Del: 10 Ottobre 2018 Di: Redazione Commenti: 0

La visione dell’ultimo film di Terry Gilliam L’uomo che uccise Don Chisciotte ha suscitato negli spettatori, incarnati in questo caso da due redattori di Vulcano Statale, opinioni contrastanti che qui abbiamo messo a confronto.


Francesco Porta

L’uomo che uccise Don Chisciotte è un grande e riuscitissimo adattamento dell’opera di Cervantes. L’ultimo film di Terry Gilliam, catturando l’attenzione dello spettatore in sala, ci mostra, allo stesso tempo, la parte più nobile della follia del cavaliere che combatteva contro i mulini a vento.
Cosa significa, infatti, cavalcare contro innocenti pale eoliche? Gilliam dice la sua rendendo il protagonista un ambizioso e geniale regista sognatore, il cui processo creativo è però vincolato dalle limitanti norme imposte dalla produzione e dai finanziatori. Uno splendido Adam Driver è un celebratissimo Toby Grisoni, una star del mondo di Hollywood, che riscopre un suo vecchio lavoro: un film intitolato, appunto, L’uomo che uccise Don Chisciotte. Apprenderà, però, che gli attori che aveva ingaggiato sono andati in rovina. In particolare, il suo protagonista si era convinto di essere davvero il don Chisciotte e quando Toby lo ritroverà, suo malgrado, verrà trascinato nel suo folle delirio: un cavaliere in armatura e lunga asta cavalca contro le forze di polizia che all’improvviso assumono i tratti della santa inquisizione. Queste sequenze riescono a divertire tanto sono assurde ma risultano anche molto efficaci perché riescono a restituire lo straniamento del protagonista che sta cadendo in una strana e apparente follia.

I salti tra realtà e schizofrenia sono di certo il colpo di genio più brillante che la regia di Gillian offre.

Il parallelo tra la morale del romanzo originale e questo film, peraltro riuscitissimo, porta lo spettatore a domandarsi se il don Chisciotte fosse solo un folle o qualcosa di più e questo è ciò che, di fatto, rende il personaggio e l’ironia di Cervantes immortali.


Fabrizio Fusco

Alla fine Gilliam ce l’ha fatta. Dopo quasi 25 anni di lavorazione è nelle sale l’opera più osteggiata del regista di Minneapolis. Un film venuto a galla quasi per un vero e proprio miracolo cinematografico, tanto da far passare in secondo piano la riuscita o meno del film stesso.

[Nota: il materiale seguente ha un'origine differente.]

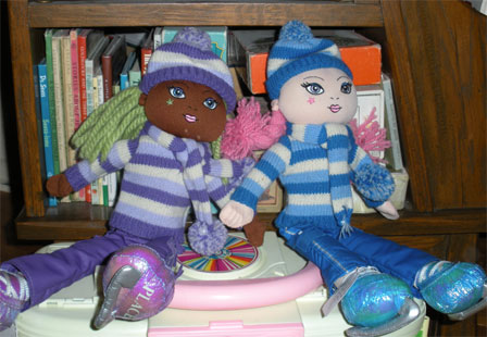 The Children's Place rag dolls, both are ice skaters. Both dolls are approximately 15 inches doll and dressed in non-removable clothes. They are all plush rag dolls with embroidered faces. Their clothes are color coordinated with their ice skates. The black girl has lime green yarn hair and is dressed in a purple outfit and the white girl has pink yarn hair and is dressed in blue.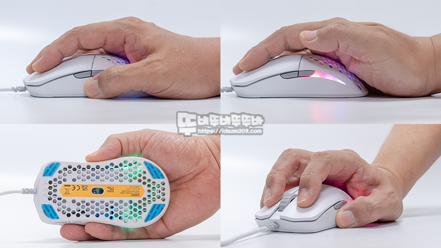 넓게 디자인된 메인 버튼과 휠 다이얼, DPI 변경 버튼 그리고 사이드 버튼으로 구성된 심플한 구조를 가지고 있으며 허니콤 디자인이 적용된 상하판 덕에 장시간 게임을 하더라도 손바닥에 습기가 느껴지지 않네요.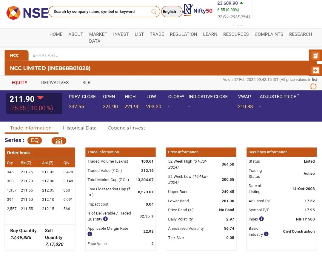 NCC Limited (NSE: NCC) stocks opened in red today, February 7, during early morning trade. As per the National Stock Exchange (NSE) website, NCC Ltd (NSE: NCC) shares were trading at INR 211 and fell by INR 25.65 or 10.80%. Airtel Share Price Today, February 7: Stocks of Bharti Airtel Rise by 3.67% in Early Trade After Q3 Profit Jumps Multifold, Check Latest Price on NSE.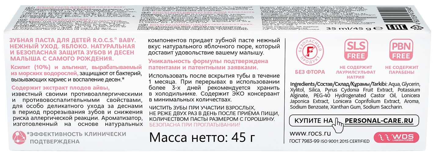 Зубная паста R.O.C.S. Baby Нежный уход, яблоко, 0-3 лет, 45 мл, 45 г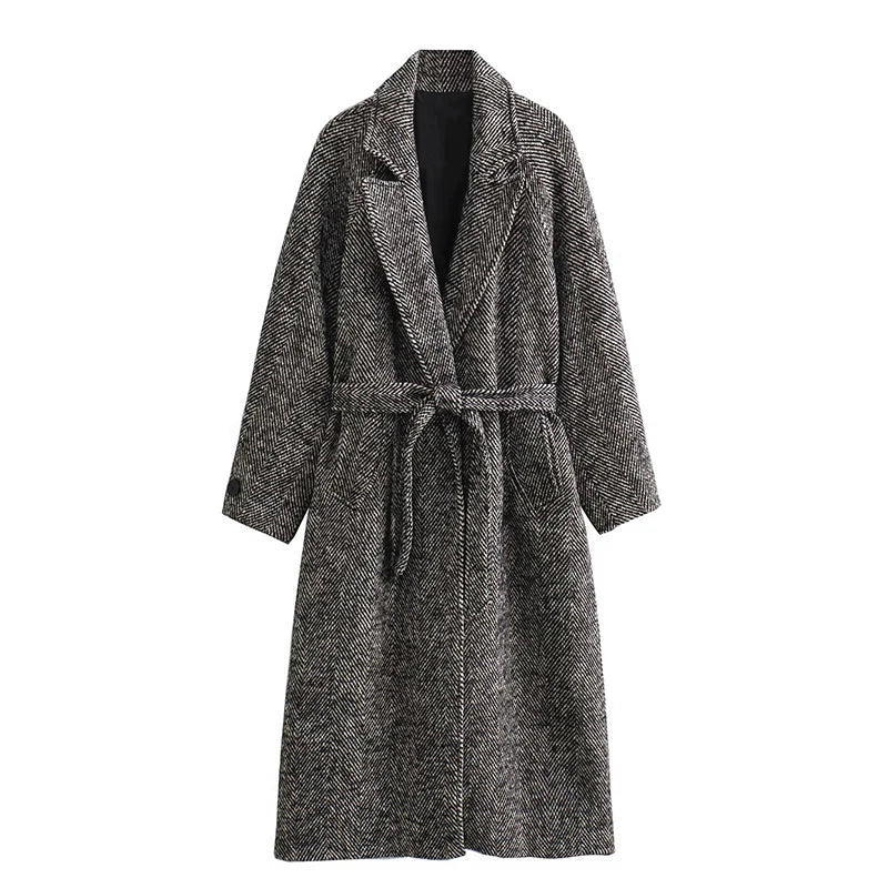 Herringbone Long Sleeves Belt Coat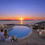 Goście mają dostęp do pełnowymiarowej kuchni z kuchenką mikrofalową, lodówką i szklanymi naczyniami oraz minibarem i urządzeniem do parzenia kawy/herbaty. Restauacja Aperanto Galazio, w której serwowane są specjały kuchni europejskiej, leży w nie więcej niż 1 km. Na lotnisko Mykonos można dojechać z willi w 10 min.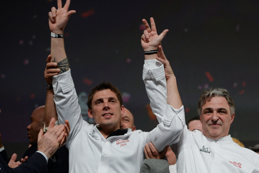 Ces deux nouveaux trois étoiles portent à 30 le nombre d’adresses triplement étoilées en France, après la rétrogradation il y a deux semaines du restaurant de la famille Meilleur, la Bouitte, dans les Alpes. En 2023, Alexandre Couillon, chef du restaurant La Marine à Noirmoutier (ouest), avait été le seul nouveau triple étoilé.

A conti fatti, ovvero a film visto, L’uomo che uccise Don Chisciotte (titolo originale: The Man Who Killed Don Quixote) sarebbe stato meglio accanto ai grandi progetti della storia del cinema sognati ma mai realizzati (vedi il Napoleone di Kubrick).

In effetti, il documentario del 2005 Lost in La Mancha sulla sua mancata realizzazione sarebbe stata un’opera sufficiente ad attenuare il rimpianto per ciò che poteva essere ma che non sarebbe mai stato. Si tratta della classica montagna che ha partorito il topolino, insomma, un film che nonostante la lunga lavorazione sembra ancora assomigliare ad un infinito work in progress a cui lo spettatore assiste, vittima di una trama caotica e caciarona, in cui deve destreggiarsi nel tentativo di riannodare un filo della narrazione che man mano che il film procede si perde sempre più.
Nel tentativo pur apprezzabile di fondere Cervantes con l’elemento metafilmico (una eco di felliniana memoria in cui Adam Driver, alter ego del regista, cerca di realizzare il film della sua vita tra ricordi e visioni oniriche), l’ex Monty Python sembra perdere la bussola, buttando nel pentolone un po’ di attualità spiccia e di luoghi comuni: mussulmani e terroristi, donne vittime di ricatti sessuali e spietati oligarchi russi arricchiti dalla vodka, non facendosi mancare neanche qualche rivincita personale con il giovane regista di spot Toby, pronto ad insidiare la bella moglie del produttore (è nota la controversia legale tra Gilliam e l’ex produttore Paulo Branco). L’immaginario visivo debordante di Terry Gilliam a cui eravamo stati abituati questa volta resta lontano anni luce dalla potenza di Paura e delirio a Las Vegas, sovrastando lo spettatore con un cinema troppo denso, fatto di maschere, luci e colori a cui si fa davvero fatica a stare dietro. Ma forse non è neanche questo il vero Don Chisciotte di Gilliam. Forse, come per sua stessa ammissione, il grande regista di Brazil non ha più storie da raccontare, e questo film “maledetto” non si dovrà mai fare.